No writing assistance was utilized in the production of this manuscript.
Key issues
In September 2012, the European Commission published a proposal for a new regulation on medical devices (MDs) which was amended by the Parliament in October 2013.
New stakeholders will be defined: the person responsible for regulatory compliance designated by the manufacturer, the European references laboratories and a new European organization with the MD coordination group, the assessment committee for MDs and the MD advisory committee.
For the first time, a European control is introduced for notified bodies designation and monitoring and also for high-risk MD CE marking.
Regarding clinical investigations, sponsors will have to register investigations in an European database. But most of all, a simplification of the application process to national competent authorities for investigations conducted in several member states will be observed.
The regulation will strengthen vigilance and post-market surveillance, for example, unannounced audits by notified bodies or collection of serious incidents and corrective actions in an European database.

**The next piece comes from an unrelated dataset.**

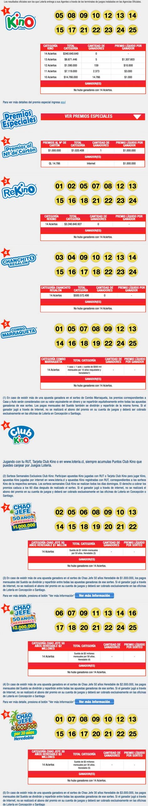 En la siguiente imagen podrá revisar los resultados completos del juego de Loteria Chile, y sus respectivos ganadores.

The unique device identification system will be implemented enabling MD tractability and access to information on MDs.
The transparency of the MD sector will be enhanced with, for example, safety and clinical performance report for high-risk MDs or public access to European Database on Medical Device.
The new regulation on MDs will strengthen the legislative framework and harmonize practices within the Member States. The text should be adopted in 2015 and will be applied within 3 –5 years after its publication.
Notes
MD: Medical device; NB: Notified body.